Continued: Finding equivalent times for different engines

Sven · Post by **Sven** » Sat May 21, 2011 6:35 pm

I create this thread to continue the technical discussion started by Uri Blass in this thread, since I believe the topic fits well into the "Programming and Technical Discussions" subforum.

As a very short summary, the topic is how to "quickly" find a time control like 1 minute for engine A and N minutes for B for which A and B have equal strength over many games. Uri made a good proposal for it using a simple formula, and I added that a formula based on some form of ELO calculation might be better.

Uri Blass wrote:I agree that it is possible to try to calculate rating based on assumptions that doubling of the time give 70 elo or something like that but it does the model more complicated when it is not clear if you get big improvement from it.

In the same post Uri has also made an enhanced proposal.

Further down I will now present my attempt of defining such a model. And yes, that model is more complex than the one proposed by Uri. So one question is, which model is better.

Sven

Sven · Post by **Sven** » Sat May 21, 2011 6:39 pm

The following describes what we know so far, and provides some definitions that are used later on:

Code: Select all

- Two engines E1, E2 with unknown ELO rating are playing a sequence of time-odds chess games. The idea is to find a time control for which E1 and E2 have equal strength over many games.


- E1 is always assigned the same time T0 per game (T0 > 0).


- In game number i, E2 plays with color C(i) which is an element of { W, B }.


- In game number i, E2 is assigned a time of T(i) per game (T(i) > 0).

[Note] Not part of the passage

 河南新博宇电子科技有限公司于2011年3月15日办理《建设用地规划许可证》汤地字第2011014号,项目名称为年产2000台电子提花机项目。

- The time-odds factor for E2 in game i is therefore: K(i) = T(i) / T0


- To remain fully independent from any "a priori" knowledge about the strength of E1 and E2 and also from any external input, K(1) is set to 1 (alternatively it would also be possible to let K(1) be defined externally, e.g. as user input).


- The result of E2 in game number i is W(i) and is an element of { 0, 0.5, 1 }.


- After N games the total result of E2 is: WT(N) = SUM(i=1..N) (W(i))


- The available record of information after N games is the set S(N) containing N tuples G(i) = { C(i), T(i), W(i) } where each tuple represents one game and i is the game number.


- The goal is to find a function F that takes S(N) as input and returns T(N+1) such that the function P(X) := WT(X)/X converges "sufficiently fast" towards 0.5 for increasing X.


- The quality Q(F,E,M) of a function F is defined in terms of the number of games M needed to converge as described above with a given error rate E, where Q(F,E,M) is higher for smaller M.

  (OPEN ISSUE: how to formally define the convergence condition and the quality Q(F,E,M) ?)


- The reason for a formal definition of Q(F,E,M) is that a program that implements F should be able to terminate automatically if either
    (i)  M        >= M_max (maximum allowed number of games reached), or
    (ii) Q(F,E,M) >= Q_min (minimum desired quality reached).

Sven

Sven · Post by **Sven** » Sat May 21, 2011 6:43 pm

Two proposals for F exist, both derive T(N+1) only from G(N):

Code: Select all

  a) initial proposal by Uri Blass ("F_Uri_initial")

     if W(N) == 0 then T(N+1) := T(N) * (1 + 1/sqrt(N))
     else
     if W(N) == 1 then T(N+1) := T(N) / (1 + 1/sqrt(N))
     else
     /* W(N) == 0.5 */
                       T(N+1) := T(N)

  b) enhanced proposal by Uri Blass ("F_Uri_enhanced")

     if W(N) == 0   and C(N) == B then T(N+1) := T(N) * (1 + 1/sqrt(N+Z1))
     else
     if W(N) == 0   and C(N) == W then T(N+1) := T(N) * (1 + 1/sqrt(N+Z2))
     else
     if W(N) == 0.5 and C(N) == B then T(N+1) := T(N) * (1 + 1/sqrt(N+Z3))
     else
     if W(N) == 1   and C(N) == B then T(N+1) := T(N) / (1 + 1/sqrt(N+Z1))
     else
     if W(N) == 1   and C(N) == W then T(N+1) := T(N) / (1 + 1/sqrt(N+Z2))
     else
     /* W(N) == 0.5 and C(N) == W */   T(N+1) := T(N) / (1 + 1/sqrt(N+Z3))

     with proposed values Z1 := 19, Z2 := 20, Z3 := 200

The question is now, do these two proposed functions have the desired convergence property?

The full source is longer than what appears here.